## [WHAT IS BEING ASKED]
What the answer must contain is every line of the records, exactly, with no pictures.

Items listed in a dataset:
⟨

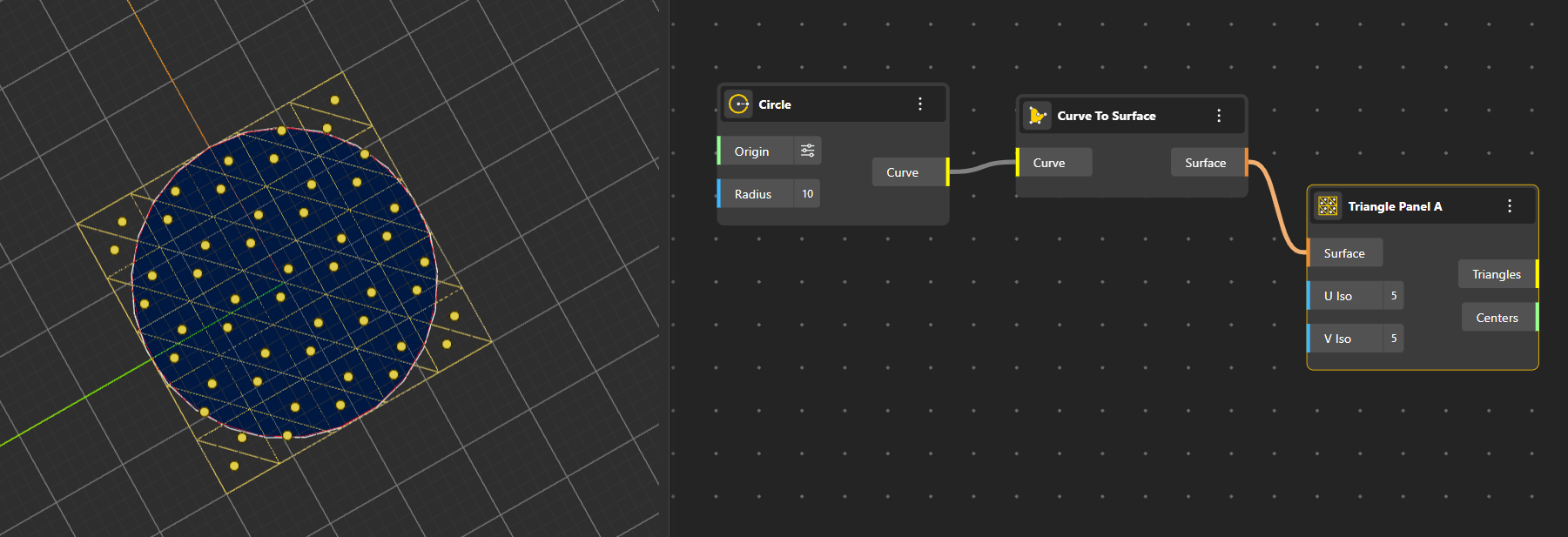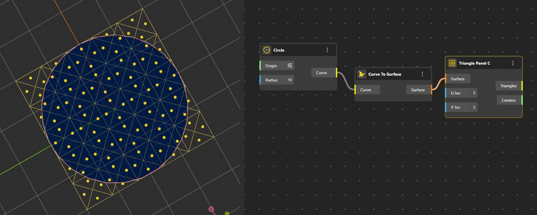 Triangle Panel C: Produces a triangular panel pattern with an alternative subdivision method (different orientation/connection logic from Triangle Panel A). Useful when you need variation in triangle layout or panel direction.
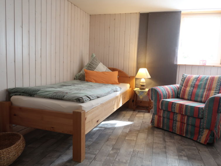 Single-family house "Haus Schwärzel". In the resort, 150 m from the centre, in a quiet position. In the house: central heating system. Parking at the house. Shop 300 m, grocery 700 m, restaurant 150 m, bakery 700 m, bus stop 150 m, railway station "Offenburg" 17 km, indoor swimming pool 15 km, bathing lake "Matschelsee" 5 km. Golf course (18 hole) 26 km, cycle lane 500 m. Nearby attractions: Europa Park Rust 26 km, Alstadt Strassburg 28 km, Alstadt Freiburg 55 km. Well-known ski regions can easily be reached: Feldberg 90 km. Well-known lakes can easily be reached: Tunisee Freiburg 45 km, Titisee 78 km. Hiking paths: Ortenau 1 km, Kaiserstuhl 30 km. Rhein, 4 km. This historical, half timbered house which has been lovingly restaured according the building´s original style. Access to a nice outdoor area, a sunny courtyard and an individual sitting area in the garden.5-room house 135 m2 on 2 levels, on the ground floor. Living room with satellite TV (flat screen), radio and CD-player. 1 room with 1 bed. 1 double bedroom. Kitchen-/living room (oven, dishwasher, 4 ceramic glass hob hotplates, microwave, electric coffee machine) with dining table. Shower/WC. Upper floor: 2 double bedrooms. Shower/WC. Box-room. Facilities: washing machine, iron, children's high chair, logs (free). Internet (WiFi, free). Please note: non-smoking house. Maximum 2 pets/ dogs allowed. Lounge with tiled stove and 80 cm TV with 200 domestic and international channels. Access to the single bedroom through the lounge. One of the 2 double bedrooms has an open timbered wall separating it from a nursery with cot and changing table. Comfortable seating corner in the hall on the top floor.
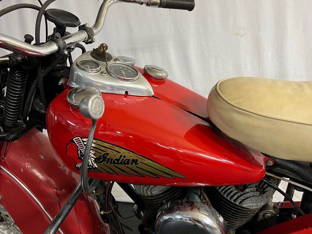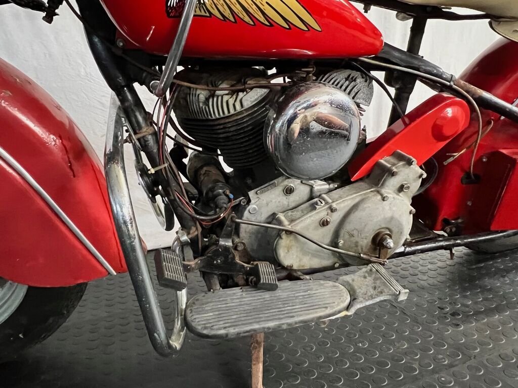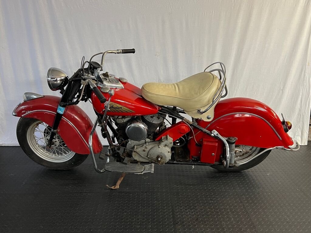 Up for sale is a 1947 Indian Chief Motorcycle. Frame # 3479025. Engine # CDG4387. 37,884 miles. It currently does not run. It has been sitting since 1987. Motor is seized from sitting. It will need to be gone through mechanically to run again. Missing some pieces Exhaust headers are rotted (see Pictures). Looks to be an older 1980s restoration. To the left of the engine number looks to have a corrosion crack in the case (See picture). Chrome has rust/pitting. Front brake does work, rear brake does work. Rolls fine. Shipping is buyers responsibly. More pictures available upon request. Bike is sold as is. Shipping is buyers responsibility. Will sell Worldwide. Located in Syracuse, NY 13057.
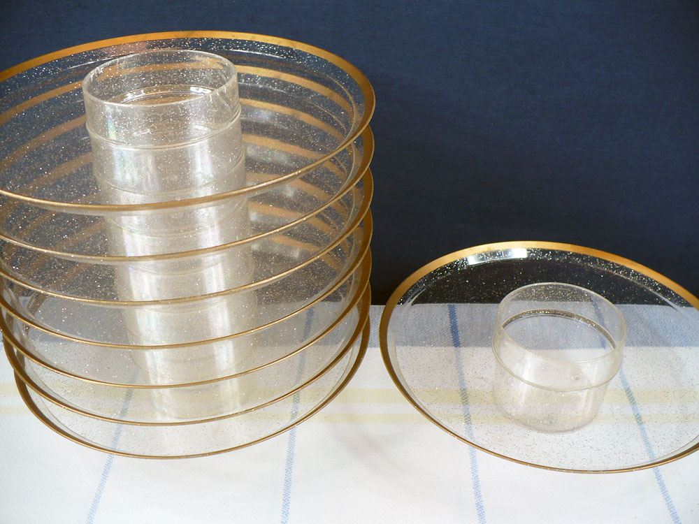 Vintage Plastic Gold Glitter Round Snack Tray Set
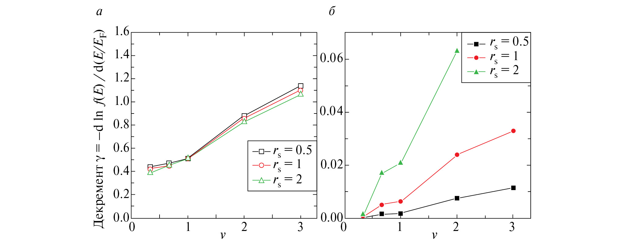 Аналогичные функции распределения электронов для разных ν имеют существенные отличия: при фиксированном rs декремент затухания функции распределения при E > EF существенно возрастает от ν (рис. 2a), а величина скачка Мигдала Z для малых факторов заполнения значительно меньше отличается от единицы, чем для нулевого магнитного поля при тех же rs, для которого применима аппроксимация 1–Z ≈ 0.13rs [5]. Второй неожиданный результат заключается в том, что при малых ν зависимость (1–Z) от фактора заполнения близка к линейной (рис. 2б). Для ν ≥ 4 и rs ~ 1 применяемая численная схема не обеспечивает сходимости, и потому не может быть проверена асимптотика скачка Мигдала.
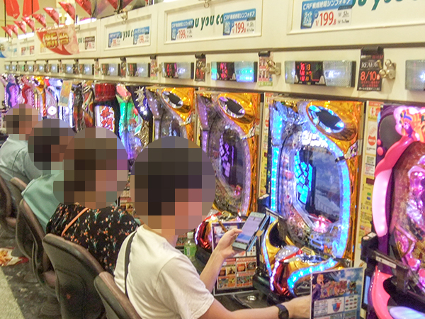 「沖ドキ!-30」や「ドリームハナハナ‐30」などの沖スロでは遊技するプレイヤーから笑みがこぼれており、各人とも充実した時間を過ごしていたことが分かる。
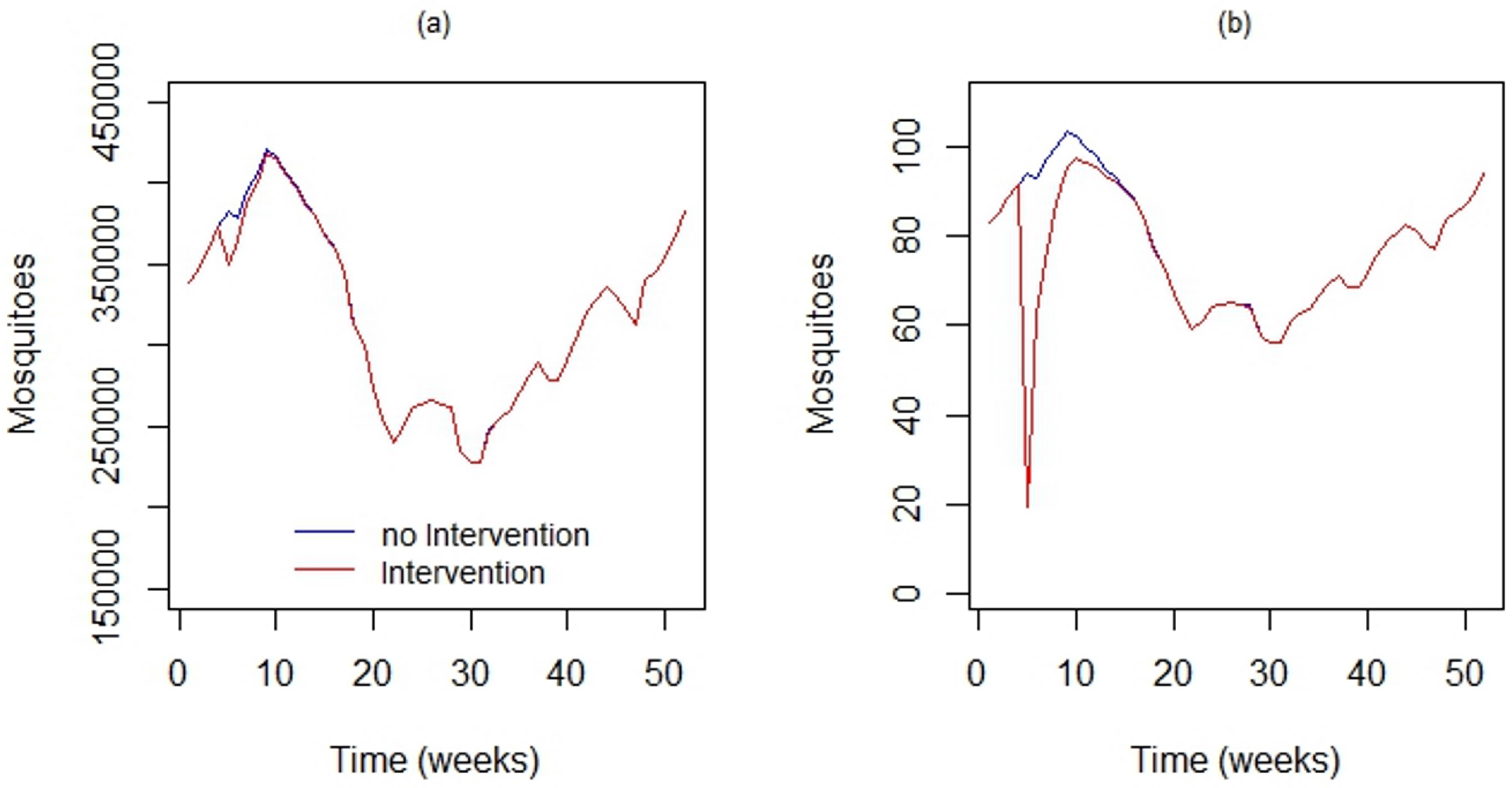 Using DengueME to simulate locally-applied chemical interventions. Comparison between the the vector population in the study area with and without the application of adulticide. (a) Global impact considering the entire study area; (b) local impact in a 100 × 100 m area [63].
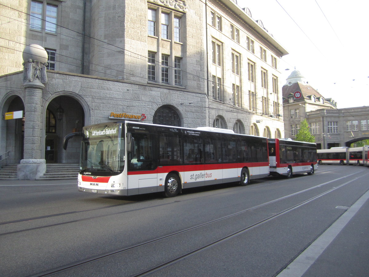 VBSG/St.Gallerbus Nr. 214 (MAN A21 Lion's City + Hess/Lanz&Marti) am 24.4.2020 beim Bhf. St.Gallen
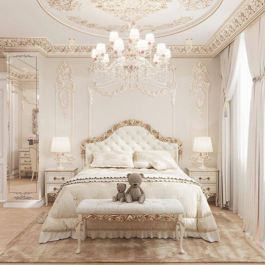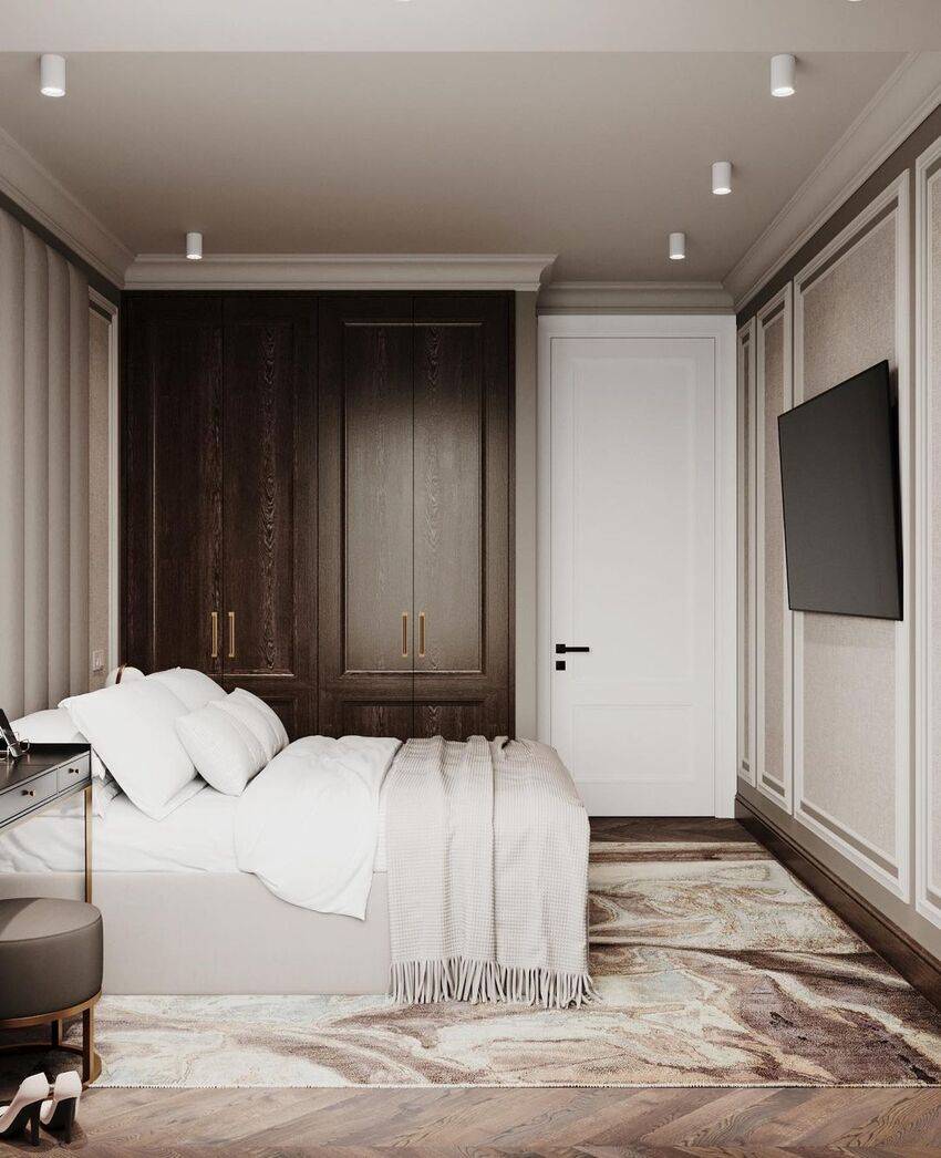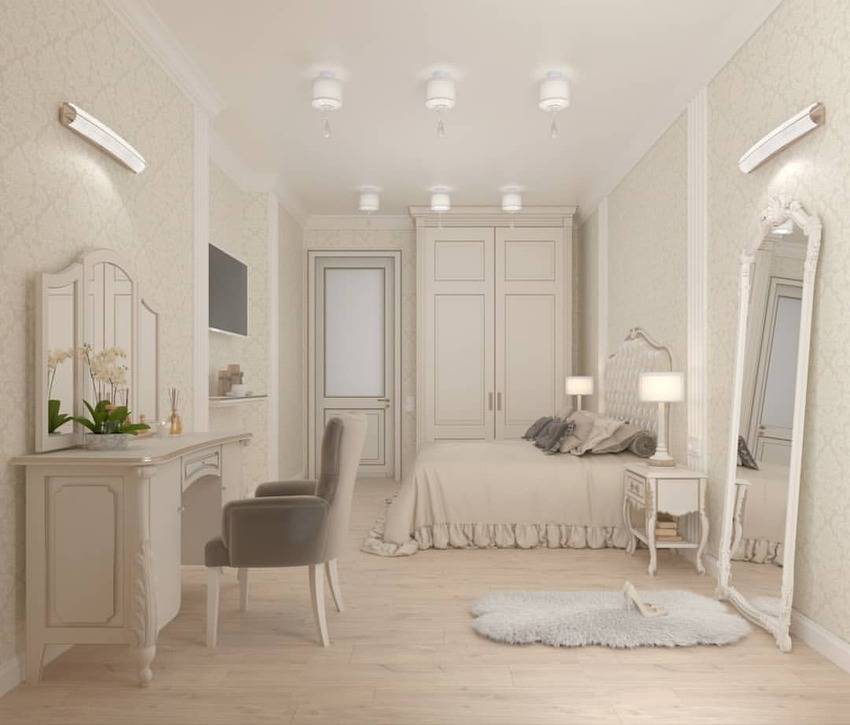 Классический стиль. Он функционален и никогда не выходит из моды. Характеризуется наличием большой кровати, обилием текстильного декора, возможным использованием мрамора и наборного паркетного пола.
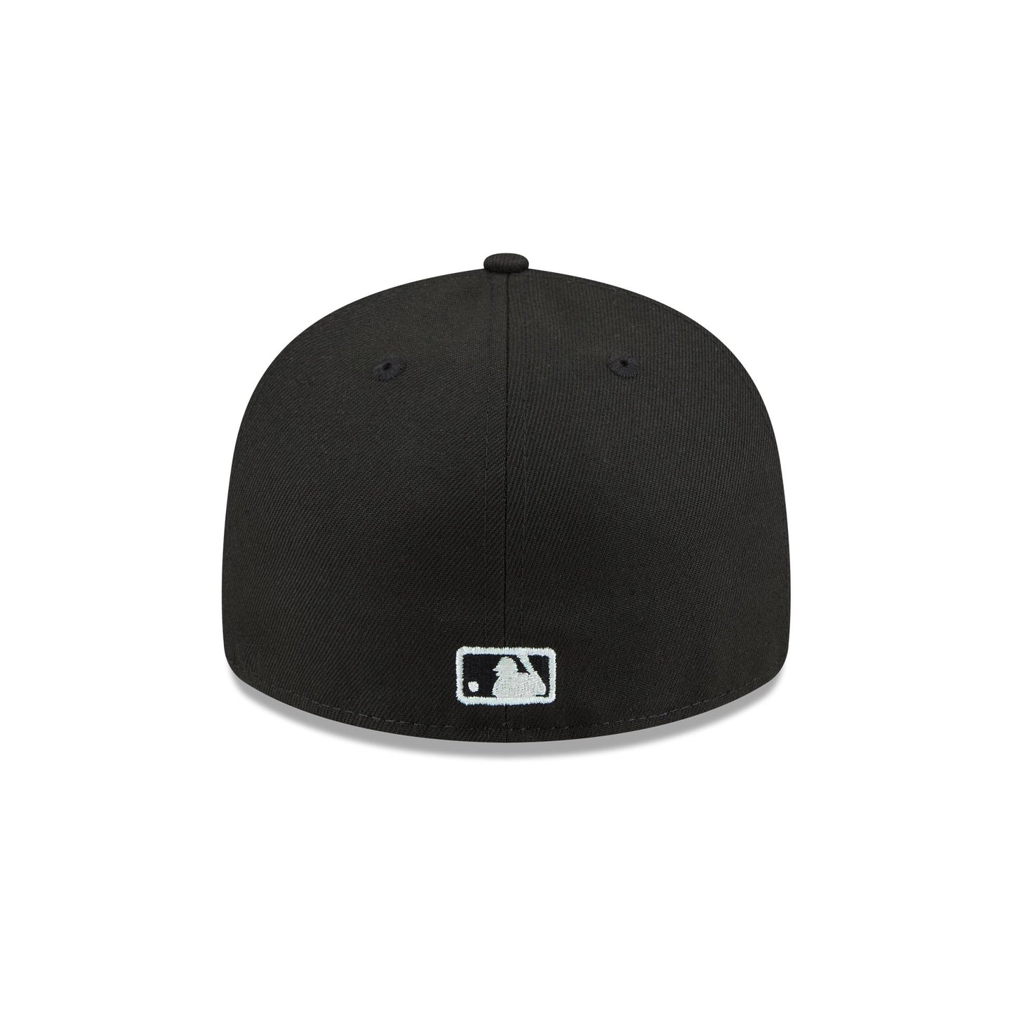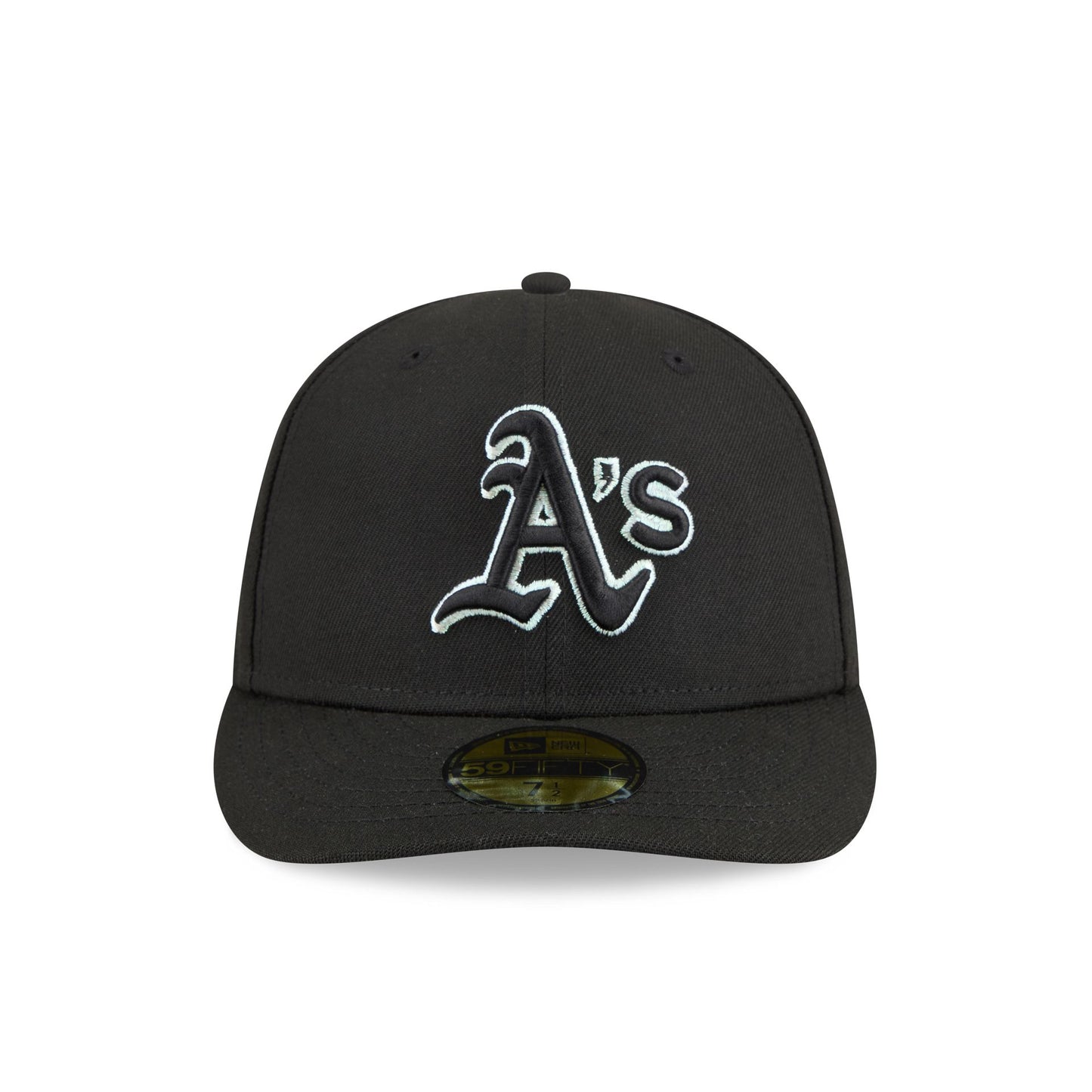 The Athletics Black Pre-Curve 59FIFTY Fitted Cap features an embroidered black and white Athletics logo at the front panels with a matching MLB Batterman logo at the rear, a pre-curved visor, and a gray undervisor.

⟩

## [EXERCISE SOLUTION]
 Triangle Panel C: Produces a triangular panel pattern with an alternative subdivision method (different orientation/connection logic from Triangle Panel A). Useful when you need variation in triangle layout or panel direction.
 Single-family house "Haus Schwärzel". In the resort, 150 m from the centre, in a quiet position. In the house: central heating system. Parking at the house. Shop 300 m, grocery 700 m, restaurant 150 m, bakery 700 m, bus stop 150 m, railway station "Offenburg" 17 km, indoor swimming pool 15 km, bathing lake "Matschelsee" 5 km. Golf course (18 hole) 26 km, cycle lane 500 m. Nearby attractions: Europa Park Rust 26 km, Alstadt Strassburg 28 km, Alstadt Freiburg 55 km. Well-known ski regions can easily be reached: Feldberg 90 km. Well-known lakes can easily be reached: Tunisee Freiburg 45 km, Titisee 78 km. Hiking paths: Ortenau 1 km, Kaiserstuhl 30 km. Rhein, 4 km. This historical, half timbered house which has been lovingly restaured according the building´s original style. Access to a nice outdoor area, a sunny courtyard and an individual sitting area in the garden.5-room house 135 m2 on 2 levels, on the ground floor. Living room with satellite TV (flat screen), radio and CD-player. 1 room with 1 bed. 1 double bedroom. Kitchen-/living room (oven, dishwasher, 4 ceramic glass hob hotplates, microwave, electric coffee machine) with dining table. Shower/WC. Upper floor: 2 double bedrooms. Shower/WC. Box-room. Facilities: washing machine, iron, children's high chair, logs (free). Internet (WiFi, free). Please note: non-smoking house. Maximum 2 pets/ dogs allowed. Lounge with tiled stove and 80 cm TV with 200 domestic and international channels. Access to the single bedroom through the lounge. One of the 2 double bedrooms has an open timbered wall separating it from a nursery with cot and changing table. Comfortable seating corner in the hall on the top floor.
 Up for sale is a 1947 Indian Chief Motorcycle. Frame # 3479025. Engine # CDG4387. 37,884 miles. It currently does not run. It has been sitting since 1987. Motor is seized from sitting. It will need to be gone through mechanically to run again. Missing some pieces Exhaust headers are rotted (see Pictures). Looks to be an older 1980s restoration. To the left of the engine number looks to have a corrosion crack in the case (See picture). Chrome has rust/pitting. Front brake does work, rear brake does work. Rolls fine. Shipping is buyers responsibly. More pictures available upon request. Bike is sold as is. Shipping is buyers responsibility. Will sell Worldwide. Located in Syracuse, NY 13057.
 Vintage Plastic Gold Glitter Round Snack Tray Set
 Аналогичные функции распределения электронов для разных ν имеют существенные отличия: при фиксированном rs декремент затухания функции распределения при E > EF существенно возрастает от ν (рис. 2a), а величина скачка Мигдала Z для малых факторов заполнения значительно меньше отличается от единицы, чем для нулевого магнитного поля при тех же rs, для которого применима аппроксимация 1–Z ≈ 0.13rs [5]. Второй неожиданный результат заключается в том, что при малых ν зависимость (1–Z) от фактора заполнения близка к линейной (рис. 2б). Для ν ≥ 4 и rs ~ 1 применяемая численная схема не обеспечивает сходимости, и потому не может быть проверена асимптотика скачка Мигдала.
 「沖ドキ!-30」や「ドリームハナハナ‐30」などの沖スロでは遊技するプレイヤーから笑みがこぼれており、各人とも充実した時間を過ごしていたことが分かる。
 Using DengueME to simulate locally-applied chemical interventions. Comparison between the the vector population in the study area with and without the application of adulticide. (a) Global impact considering the entire study area; (b) local impact in a 100 × 100 m area [63].
 VBSG/St.Gallerbus Nr. 214 (MAN A21 Lion's City + Hess/Lanz&Marti) am 24.4.2020 beim Bhf. St.Gallen
 Классический стиль. Он функционален и никогда не выходит из моды. Характеризуется наличием большой кровати, обилием текстильного декора, возможным использованием мрамора и наборного паркетного пола.
 The Athletics Black Pre-Curve 59FIFTY Fitted Cap features an embroidered black and white Athletics logo at the front panels with a matching MLB Batterman logo at the rear, a pre-curved visor, and a gray undervisor.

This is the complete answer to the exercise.